Putting an end to “It’s all Greek to me.”
A classifier that identifies Greek text as either Cypriot Greek (CG) or Standard Modern Greek (SMG)
For more information, you can read my thesis: A Classifier to Distinguish Between Cypriot Greek and Standard Modern Greek.
| Index of Jupyter Notebooks |
|---|
| 1. Obtaining CG and SMG tweets Collecting the corpus |
| 2. Data Analysis Analyzing the corpus |
| 3. Building the Classifier Building the CG-SMG classifier |
The corpus can be found in the Data directory. It was collected by me personally and labeled into CG and SMG by separating the text into files.

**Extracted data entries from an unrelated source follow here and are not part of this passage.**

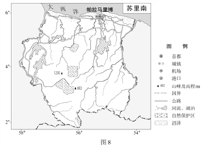 苏里南人口约60万,人口构成中有来自中国广东省等地的华裔,中国农历新年是全国性节日之一。该国人均国内生产总值约为7千美元(2020年),工业以铝土矿开采和加工为主,原始森林覆盖率超过90%,2014年已实现二氧化碳零排放。读图8,回答第14、15题。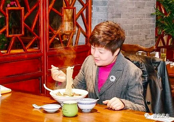這天,在淮安市區(qū)交通路上的浦樓面館,市委書記蔡麗新點(diǎn)了份淮安特色小吃——長魚面,她邊吃邊夸,“真好吃!”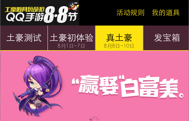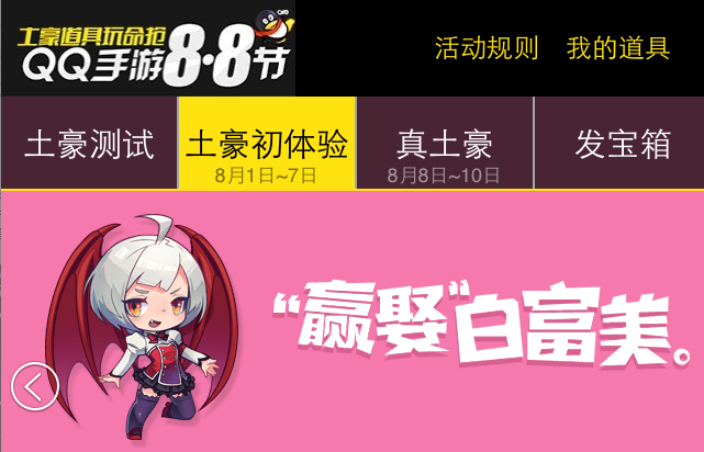 活动内容:活动期间只要进入天天酷跑QQ手游8.8节活动页面,点击土豪初体验就可以领取获得天天酷跑游戏礼包。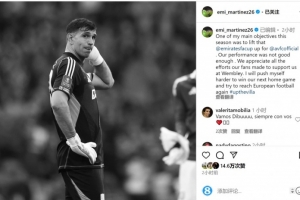 維拉門(mén)將馬丁內(nèi)斯賽后在社交媒體上寫(xiě)道:“本賽季我的主要目標(biāo)之一就是為維拉贏得足總杯,但我們的表現(xiàn)不夠好。非常感謝球迷在溫布利球場(chǎng)對(duì)我們的支持。我會(huì)更加努力,爭(zhēng)取贏得下一場(chǎng)主場(chǎng)比賽,努力再次躋身歐冠賽場(chǎng)?!?/p>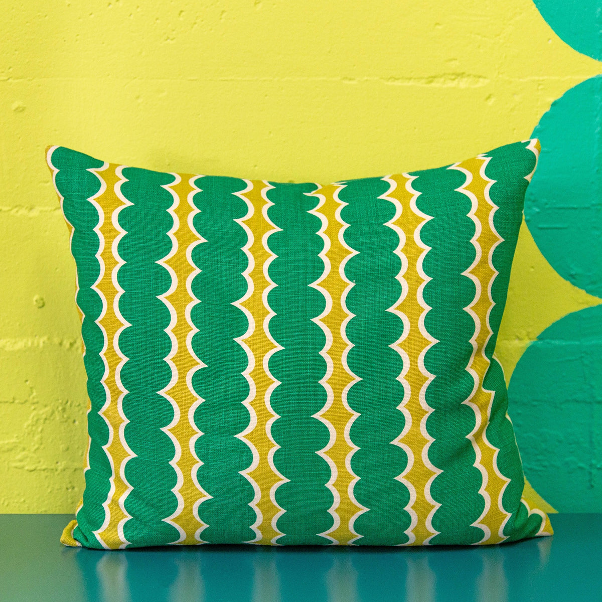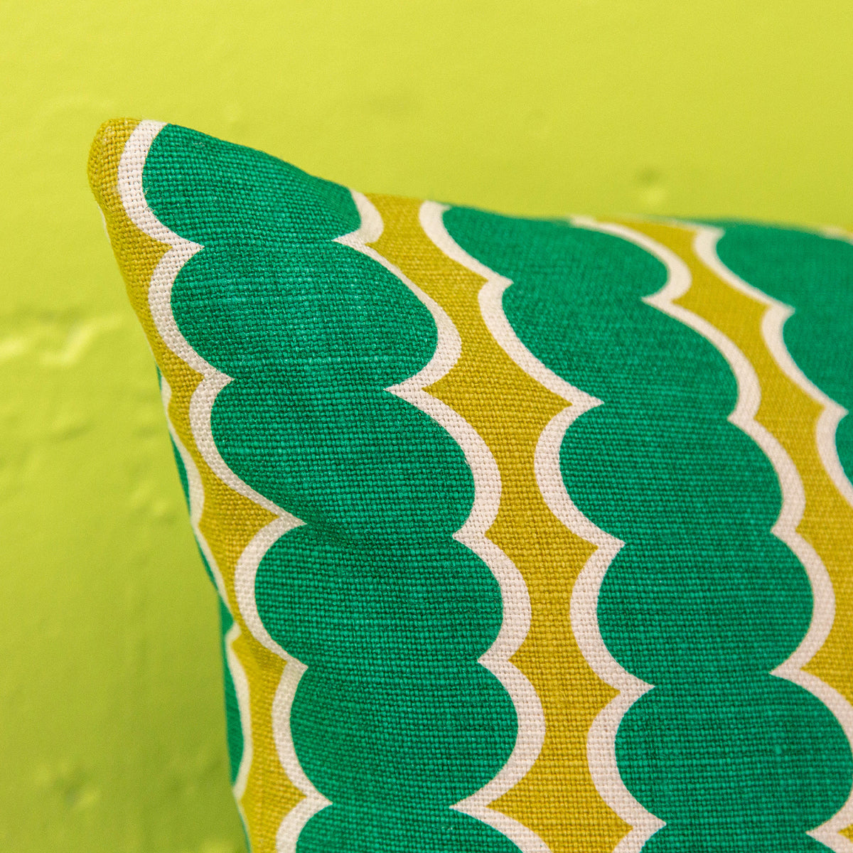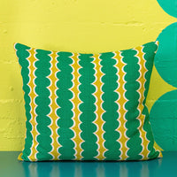 Bright, graphic and bold cushion in Tutti's Swizzle Green printed linen. The perfect statement cushion for your space.

| Index of files in corpus |
|---|
| CG Facebook CG text collected from Facebook posts and comments |
| CG Twitter CG text collected from tweets |
| CG Other CG text collected from forum posts, as well as comments on blogs and news articles |
| SMG Facebook SMG text collected from Facebook posts and comments |
| SMG Twitter SMG text collected from tweets |
| SMG Other SMG text collected from forum posts, as well as comments on blogs and news articles |
To run the code, you can clone the repository, install the dependencies, and run the Jupyter notebooks on your local machine, or click the Binder badge at the top of this README to run the notebooks on a remote server.
If you want to run the classifier with your own input, go to the last section of 3. Building the Classifier.